"Eureka!" shouted O'Donovan. "I must say it. No new invention is complete without it."
"Bah! I didn't think you were so conventional," I said contemptuously. " I suppose you have found out how to make the memory-transferring machine?"
"I have," he cried exultantly. "I shall christen it the noemagraph, or thought-writer. The impression is received on a sensitised plate which acts as a medium between the two minds. The brow of the purchaser is pressed against the plate, through which a current of electricity is then passed."
He rambled on about volts and dynamic psychometry and other hard words, which, though they break no bones, should be strictly confined in private dictionaries.
"I am awfully glad you came in," he said, resuming his mother tongue at last—"because if you won't charge me anything I will try the first experiment on you."

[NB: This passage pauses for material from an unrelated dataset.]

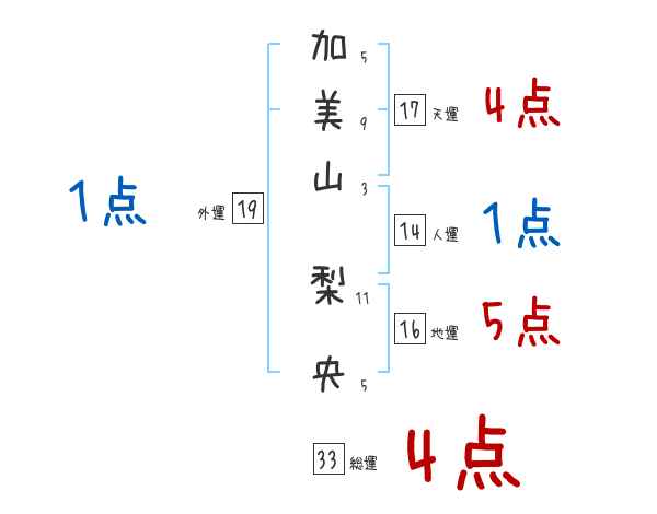 加美山梨央さんの画数の鑑定結果

I consented reluctantly, and in two minutes he rushed about the room triumphantly shouting, "22, Albert Flats, Victoria Square, Westminster," till he was hoarse. But for his enthusiasm I should have suspected he had crammed up my address on the sly.
He started the Clearing House forthwith. It began humbly as an attic in the Strand. The first number of the catalogue was, naturally meagre. He was good enough to put me on the free list, and I watched with interest the development of the enterprise. He had canvassed his acquaintances for subscribers, and begged everybody he met to send him particulars of their cast-off memories. When he could afford to advertise a little, his clientèle increased. There is always a public for anything bizarre, and a percentage of the population would send thirteen stamps for the Philosopher's Stone, post free. Of course, the rest of the population smiled at him for an ingenious quack.